I love the Ford Explorers!


----------



## Goose350

Chevy makes their Suburban in a HD model. I am not sure of the GVWR but it should pull a big bumper pull nicely. As for just a 2 horse, any of the full size suvs would do fine and as mentions a explorer would do as well.


----------



## SaddleUp158

Ooh I am going to be watching this thread. I will be looking to purchase a new vehicle after I graduate from the university in Dec. I have been debating between a smaller truck or a SUV.


----------



## iridehorses

I've been pulling a two horse stock trailer with a GMC Envoy. It can pull the weight fine but the wheel base is too short. I can safely pull one horse and he has to be facing the back and tied to the doors. That way he is standing over the axels and it eliminates the sway.


----------



## BackInTheSaddleAgain

Copy that


Goose350 said:


> Chevy makes their Suburban in a HD model. .


----------



## Tazmanian Devil

There are SUVs that can safely pull a 2h trailer and there are those that cannot. This is true even with the same model. 

You have to look at the specs and equipment package of the vehicle. Some come with a "tow package" - there are also different engine options (size, cylinders) as well as different transmission options. These differences become extrememely important when you get to smaller SUVs (i.e. Explorer). There are models of an F-150 that are not suitable for towing 2 horses, there are other configurations that can tow over 10,000#.
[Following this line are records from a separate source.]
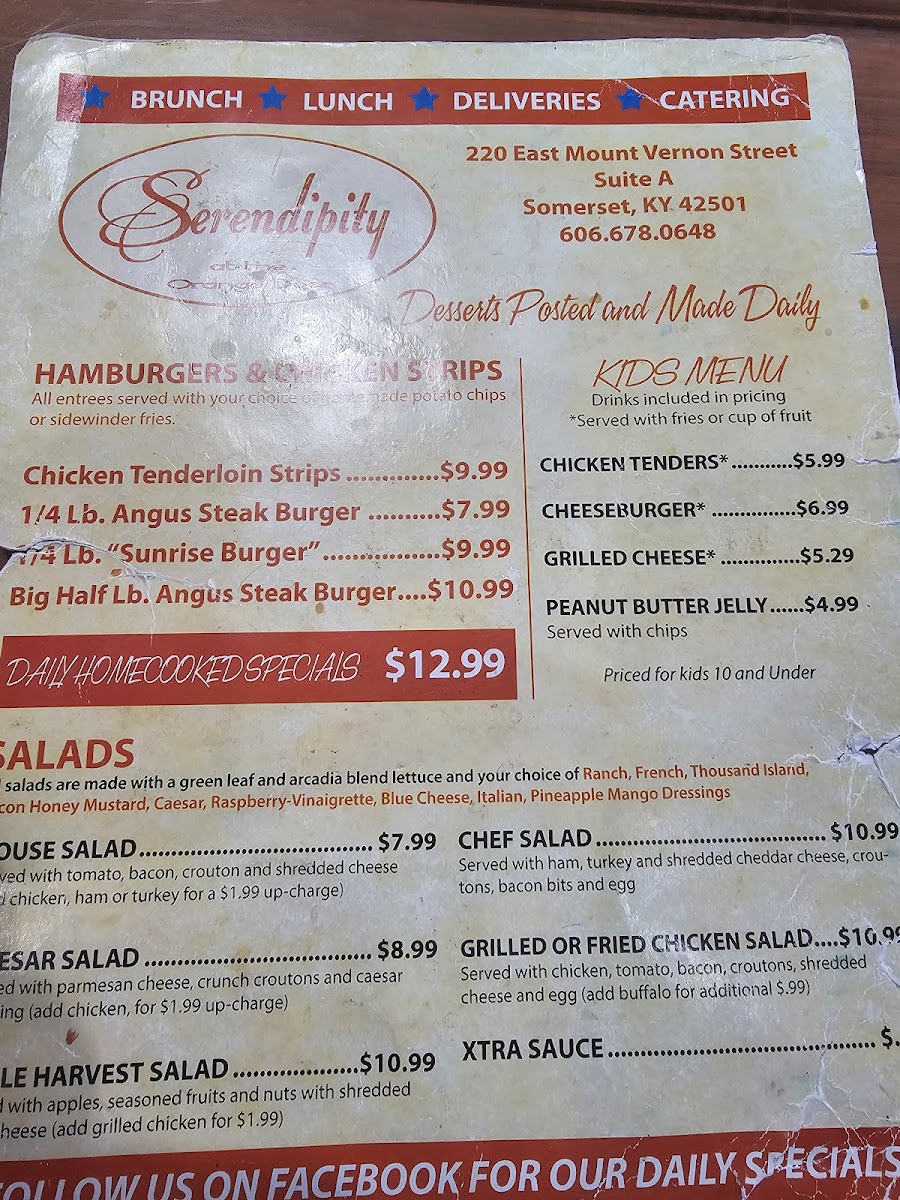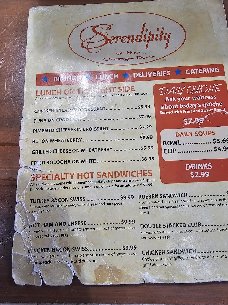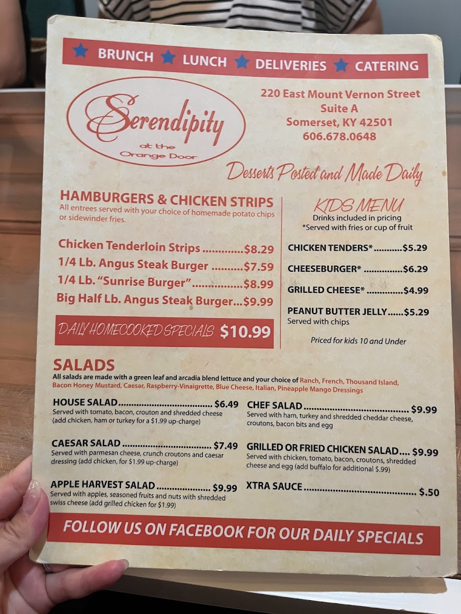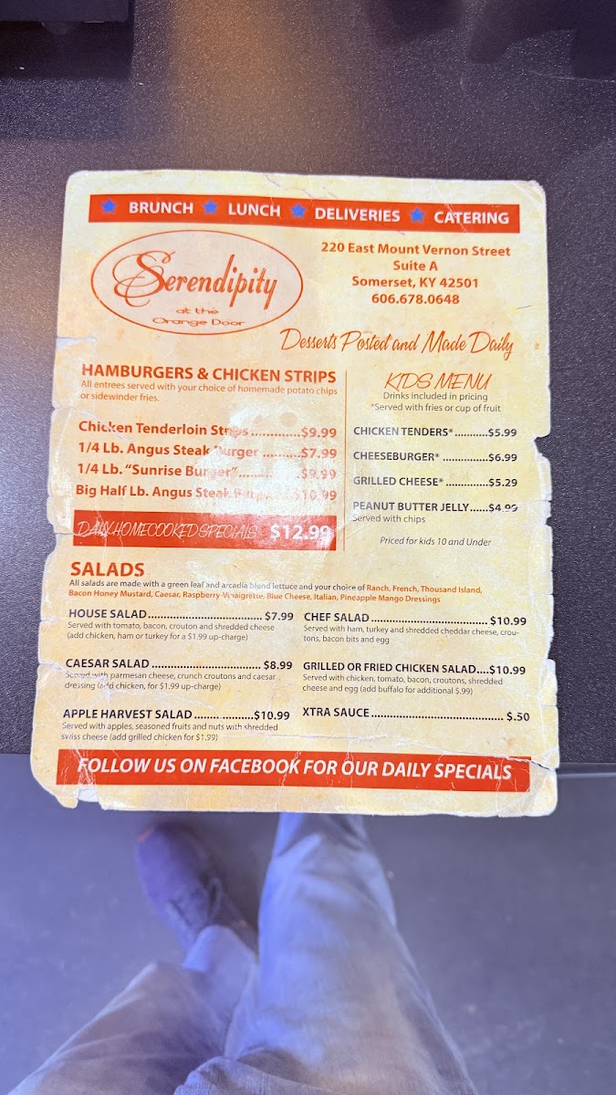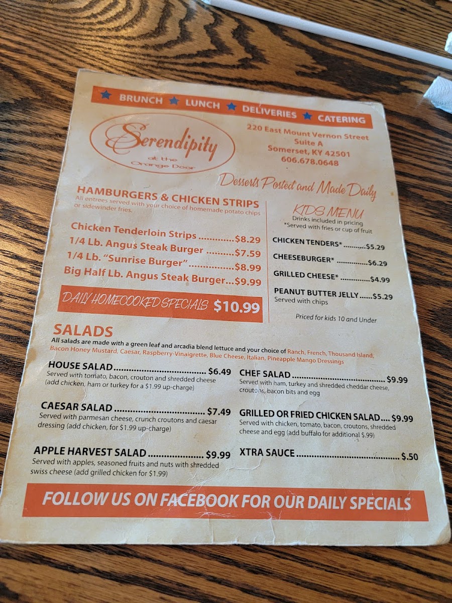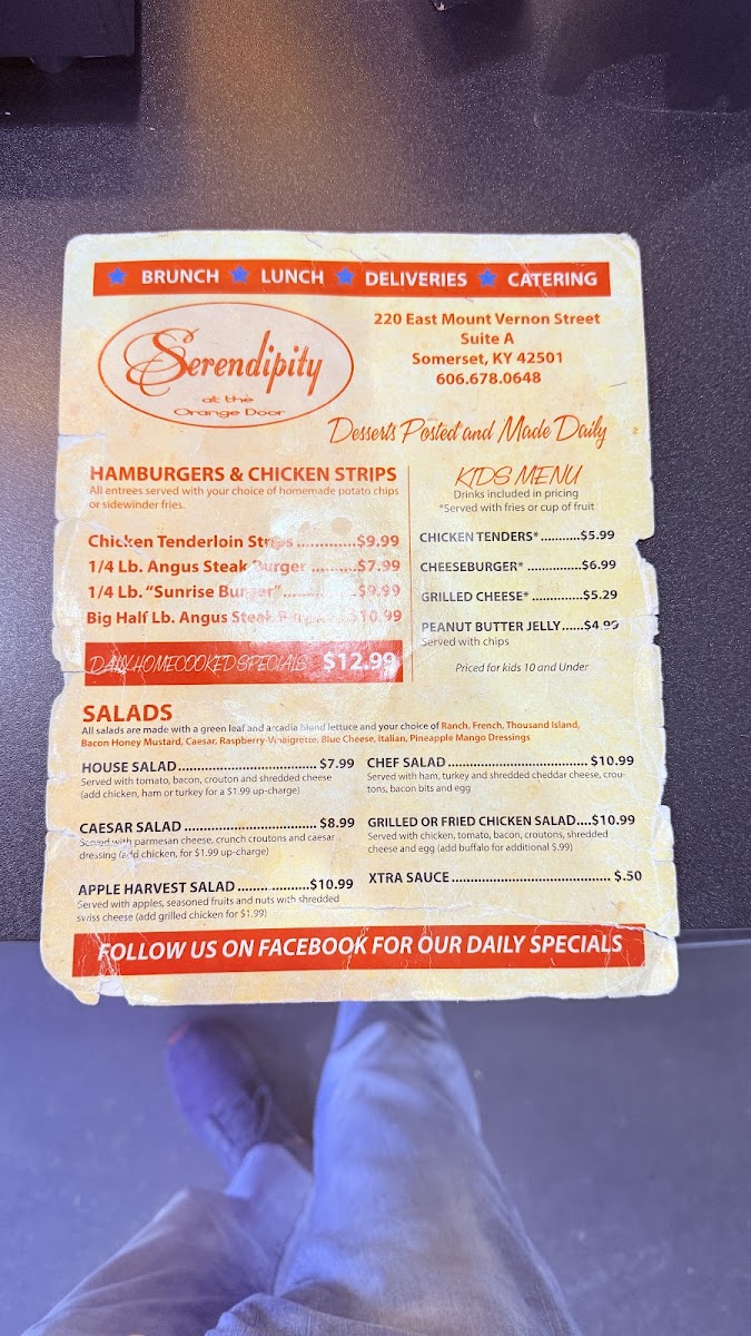 At Serendipity At The Orange Door Menu, every dish tells a story, inviting you to explore a unique blend of flavors. Located at 113 Trade Park Dr in Somerset, KY, this charming spot offers a variety of options to satisfy any craving, whether you're in the mood for something comforting or adventurous. From fresh, locally sourced ingredients to bold, creative twists on classic dishes, the menu here is designed to take you on a flavorful journey.
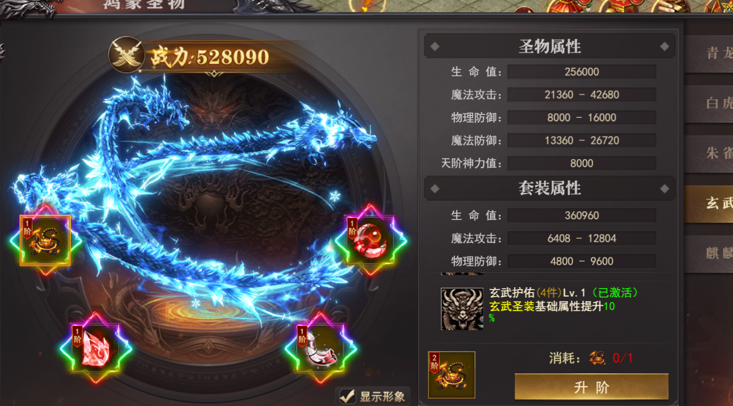 (1)玄武圣装/圣物:开服时间达到260天
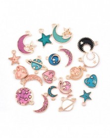 Fém színe: SK049 - 20db Népszerű aranyos zománcozott bevonatú vegyes hold szerelmi bolygó kézzel készített medál kis
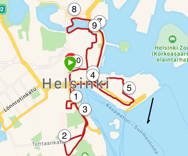 Jarru pohjassa juokseminen alkoi tuntua tylsältä ja otin riskin. Laskin, että kiristämällä tahtia ja juoksemalla jälkimmäiset viisi kilometriä alle kuuden minuutin kilometriaikoja pääsen maalin alle tunnissa. Rennon alun jälkeen oli helppoa lisätä vauhtia. En voi myöskään vähätellä kanssajuoksijoiden merkitystä, sillä aina löytyi joku vähän nopeampi, jota seurata.

Learn what the specs mean and look at the tow guides for various vehicles. Ideally, you want to tow no more than 80% of you vehicle's max capacity.

Also note that many tow capacities assume you are using a weight distributing hitch. The tow capacity is often much lower when not using one.

Things may have changed in recent years, but I recall the foreign SUVs really weren't up to the towing task when I last looked. They were basically engineered as "cars, made to look like a truck). Similar Ford/Chevy/Dodge/GMC models are often built on truck foundations (trucks, made to look like a car). 

Again, check the towing specs of the specific model with its particular configuration. That's the only way to be sure.


----------